■ **Source data**:
----------------------------------------

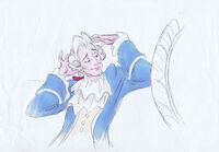 As such, his design was also completely different. He was tall and lank with a mole on the left side of his face and a crooked nose. His attire consisted of a sky-blue jacket and a powdered wig tied with a red ribbon. All of these features gave him a somewhat similar appearance to French noblemen, such as Jean Rousseau or Napoleon.
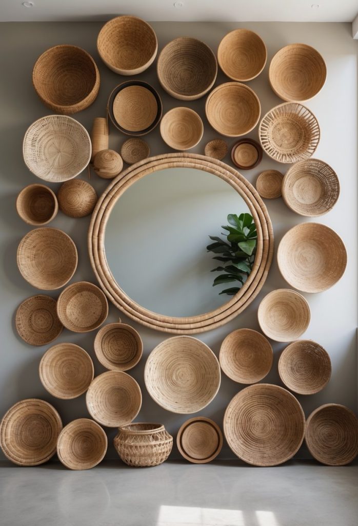 You can create a charming look by arranging handwoven baskets around your mirror. This adds texture and a natural feel to your wall.
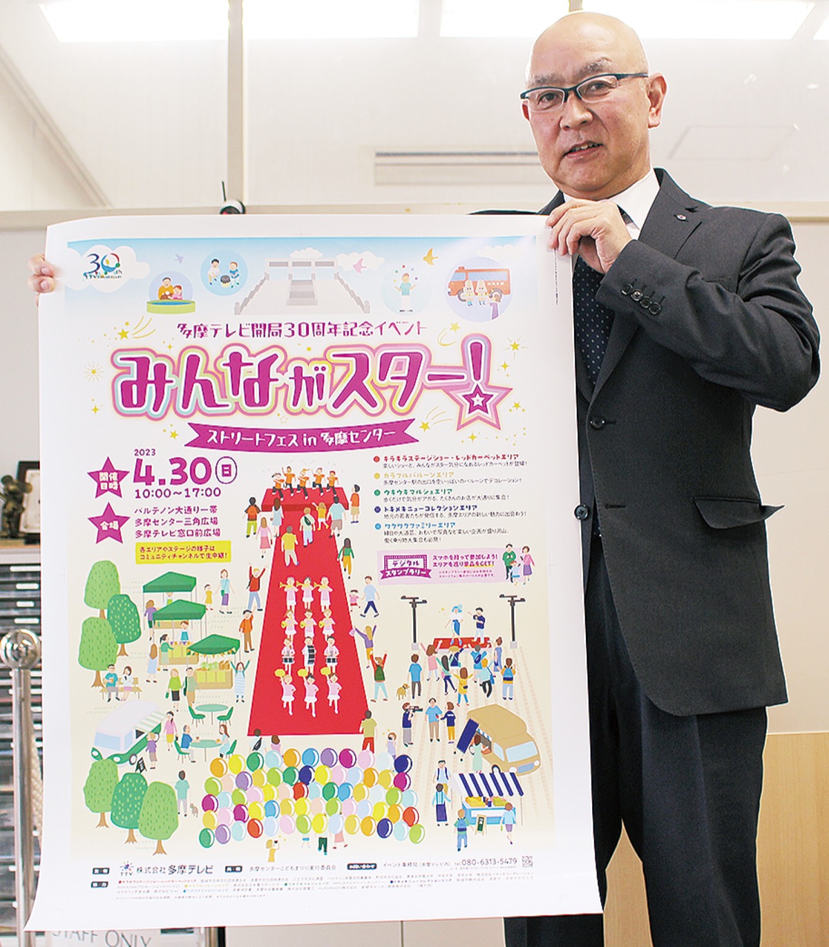 多摩ニュータウンエリアなどで視聴できるケーブルテレビ局の多摩テレビが4月、開局30周年を迎える。街の情報を伝え、ニュータウンエリアの地域コミュニティ形成に貢献してきた同局。運営する株式会社多摩テレビの齋藤健治代表は「今後はより視聴者を巻き込んだ番組づくりを進めていきたい」と話している。
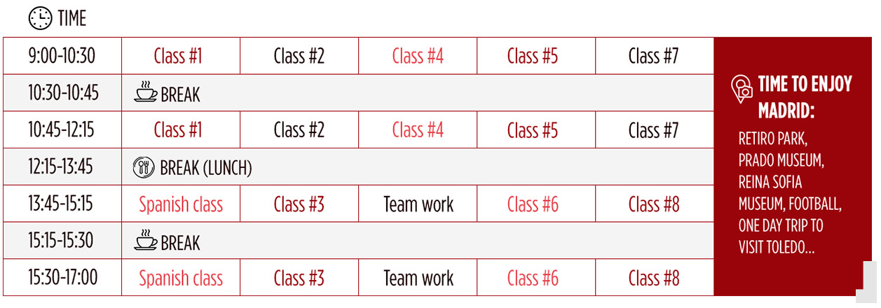 The program is delivered in downtown Madrid, at a central location close to the Royal Palace, Opera House, and Plaza Mayor. The campus building is one of the best examples of the 1930s “rationalist architecture” in Madrid, has been totally renovated, and hosts most of the university’s Master’s degrees, thus providing a great networking environment.
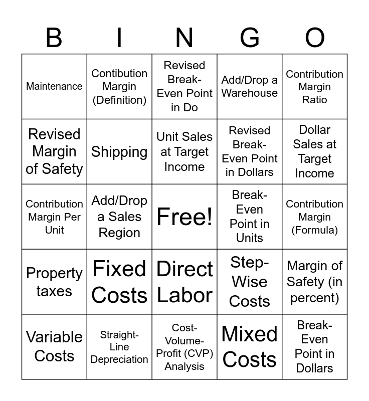 This bingo card has a free space and 24 words: Fixed Costs, Straight-Line Depreciation, Unit Sales at Target Income, Variable Costs, Contribution Margin Ratio, Maintenance, Revised Margin of Safety, Contibution Margin (Definition), Break-Even Point in Units, Direct Labor, Revised Break-Even Point in Dollars, Contribution Margin Per Unit, Step-Wise Costs, Margin of Safety (in percent), Shipping, Mixed Costs, Contribution Margin (Formula), Revised Break-Even Point in Do, Dollar Sales at Target Income, Add/Drop a Sales Region, Break-Even Point in Dollars, Property taxes, Add/Drop a Warehouse and Cost-Volume-Profit (CVP) Analysis.

----------------------------------------

■ **TASK BRIEF**:
Write out each line of the data exactly; the images should be left out.

■ **PROBLEM SOLUTION**:
 As such, his design was also completely different. He was tall and lank with a mole on the left side of his face and a crooked nose. His attire consisted of a sky-blue jacket and a powdered wig tied with a red ribbon. All of these features gave him a somewhat similar appearance to French noblemen, such as Jean Rousseau or Napoleon.
 You can create a charming look by arranging handwoven baskets around your mirror. This adds texture and a natural feel to your wall.
 多摩ニュータウンエリアなどで視聴できるケーブルテレビ局の多摩テレビが4月、開局30周年を迎える。街の情報を伝え、ニュータウンエリアの地域コミュニティ形成に貢献してきた同局。運営する株式会社多摩テレビの齋藤健治代表は「今後はより視聴者を巻き込んだ番組づくりを進めていきたい」と話している。
 The program is delivered in downtown Madrid, at a central location close to the Royal Palace, Opera House, and Plaza Mayor. The campus building is one of the best examples of the 1930s “rationalist architecture” in Madrid, has been totally renovated, and hosts most of the university’s Master’s degrees, thus providing a great networking environment.
 This bingo card has a free space and 24 words: Fixed Costs, Straight-Line Depreciation, Unit Sales at Target Income, Variable Costs, Contribution Margin Ratio, Maintenance, Revised Margin of Safety, Contibution Margin (Definition), Break-Even Point in Units, Direct Labor, Revised Break-Even Point in Dollars, Contribution Margin Per Unit, Step-Wise Costs, Margin of Safety (in percent), Shipping, Mixed Costs, Contribution Margin (Formula), Revised Break-Even Point in Do, Dollar Sales at Target Income, Add/Drop a Sales Region, Break-Even Point in Dollars, Property taxes, Add/Drop a Warehouse and Cost-Volume-Profit (CVP) Analysis.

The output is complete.